Provided records ▸

=======

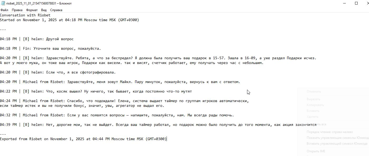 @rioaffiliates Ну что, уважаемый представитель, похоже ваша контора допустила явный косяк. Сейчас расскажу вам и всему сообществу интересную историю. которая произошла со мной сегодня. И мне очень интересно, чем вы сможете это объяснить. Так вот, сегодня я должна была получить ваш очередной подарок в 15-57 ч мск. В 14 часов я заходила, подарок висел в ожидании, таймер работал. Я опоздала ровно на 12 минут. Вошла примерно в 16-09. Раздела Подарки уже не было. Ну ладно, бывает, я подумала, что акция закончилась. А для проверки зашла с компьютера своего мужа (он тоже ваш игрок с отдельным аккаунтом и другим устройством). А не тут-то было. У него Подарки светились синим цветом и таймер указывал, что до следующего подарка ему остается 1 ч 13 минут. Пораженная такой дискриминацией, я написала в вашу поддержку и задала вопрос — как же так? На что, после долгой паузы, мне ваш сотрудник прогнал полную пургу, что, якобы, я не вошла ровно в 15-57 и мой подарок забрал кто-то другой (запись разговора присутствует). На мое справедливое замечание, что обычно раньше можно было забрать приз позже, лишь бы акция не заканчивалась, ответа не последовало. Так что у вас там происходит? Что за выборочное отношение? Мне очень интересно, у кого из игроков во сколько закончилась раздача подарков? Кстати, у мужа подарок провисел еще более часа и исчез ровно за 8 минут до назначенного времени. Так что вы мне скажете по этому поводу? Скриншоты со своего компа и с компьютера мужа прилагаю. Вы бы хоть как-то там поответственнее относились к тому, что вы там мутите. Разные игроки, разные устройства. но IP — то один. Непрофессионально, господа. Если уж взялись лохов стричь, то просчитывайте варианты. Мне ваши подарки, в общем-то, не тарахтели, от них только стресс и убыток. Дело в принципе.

=======

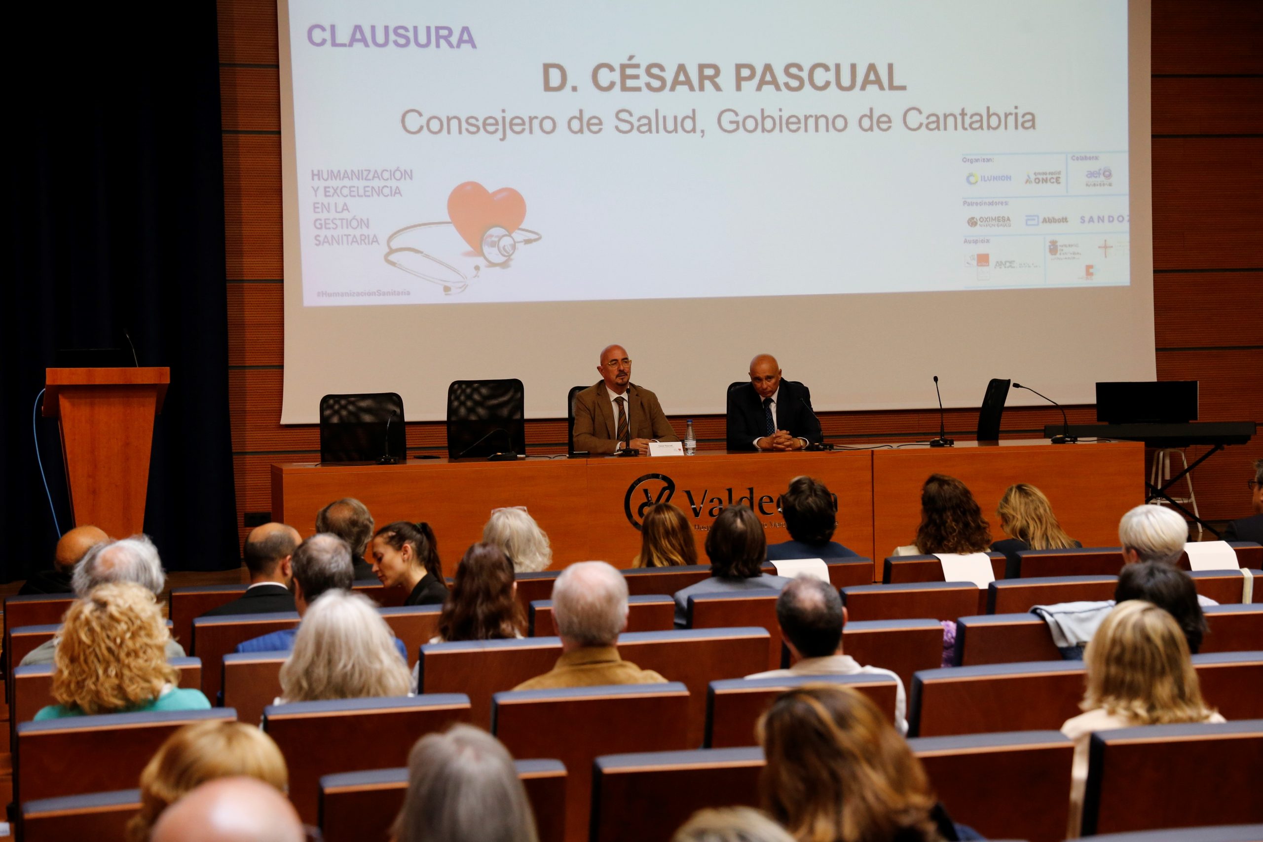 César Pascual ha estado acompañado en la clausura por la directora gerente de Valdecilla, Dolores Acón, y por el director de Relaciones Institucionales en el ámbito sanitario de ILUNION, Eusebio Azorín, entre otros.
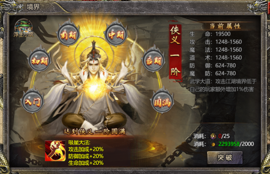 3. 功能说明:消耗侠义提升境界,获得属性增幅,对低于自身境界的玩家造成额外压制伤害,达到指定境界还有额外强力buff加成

=======

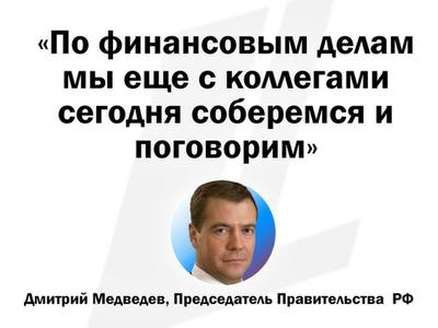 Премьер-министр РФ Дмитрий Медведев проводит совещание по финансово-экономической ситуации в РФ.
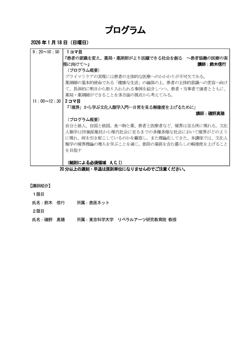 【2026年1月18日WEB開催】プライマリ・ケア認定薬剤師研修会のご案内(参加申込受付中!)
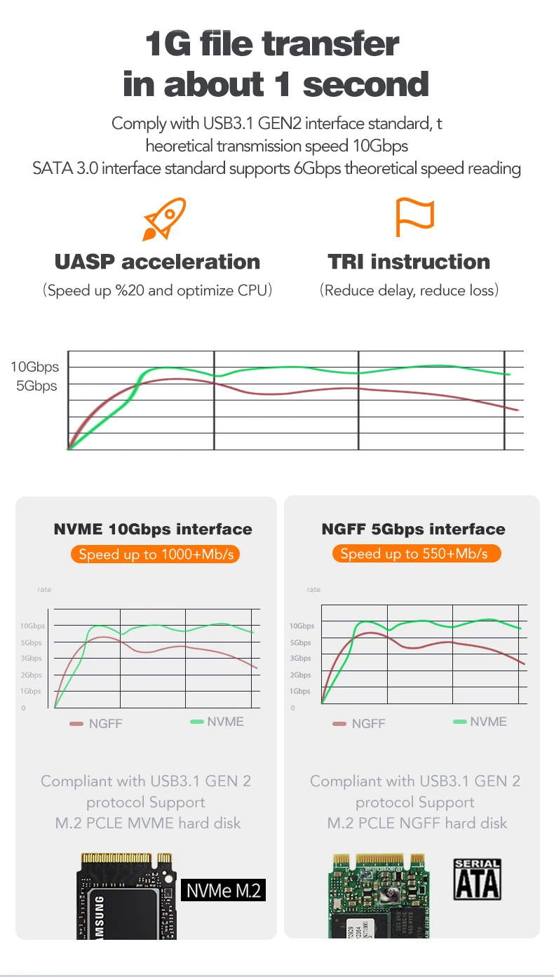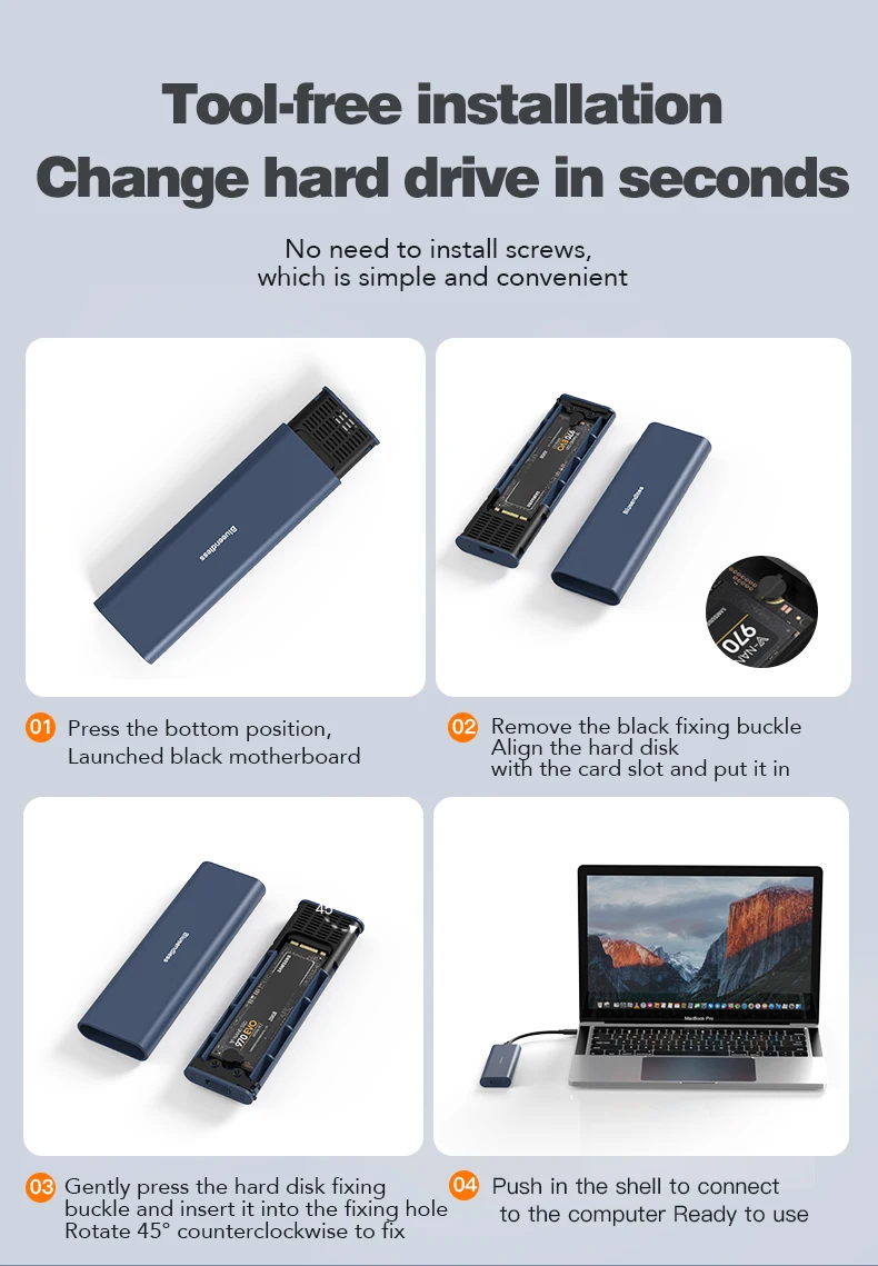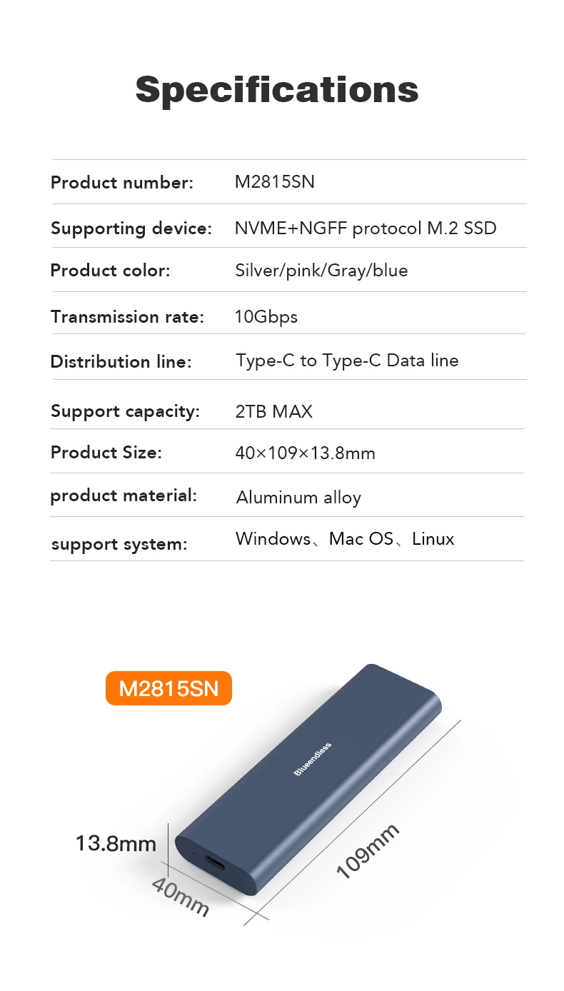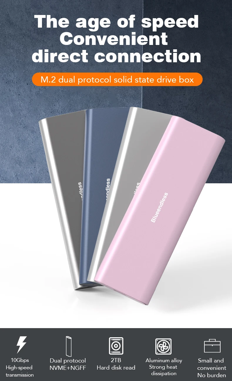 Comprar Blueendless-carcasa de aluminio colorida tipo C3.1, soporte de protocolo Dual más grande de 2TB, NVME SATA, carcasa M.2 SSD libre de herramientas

=======

Task requirements ▸ Here the job is to copy the listing above word for word, starting at the line with "Премьер-министр РФ Дмитрий" and ending at the line with "Comprar Blueendless-carcasa de", and to leave out the pictures.

Answer section ▸
 Премьер-министр РФ Дмитрий Медведев проводит совещание по финансово-экономической ситуации в РФ.
 【2026年1月18日WEB開催】プライマリ・ケア認定薬剤師研修会のご案内(参加申込受付中!)
 Comprar Blueendless-carcasa de aluminio colorida tipo C3.1, soporte de protocolo Dual más grande de 2TB, NVME SATA, carcasa M.2 SSD libre de herramientas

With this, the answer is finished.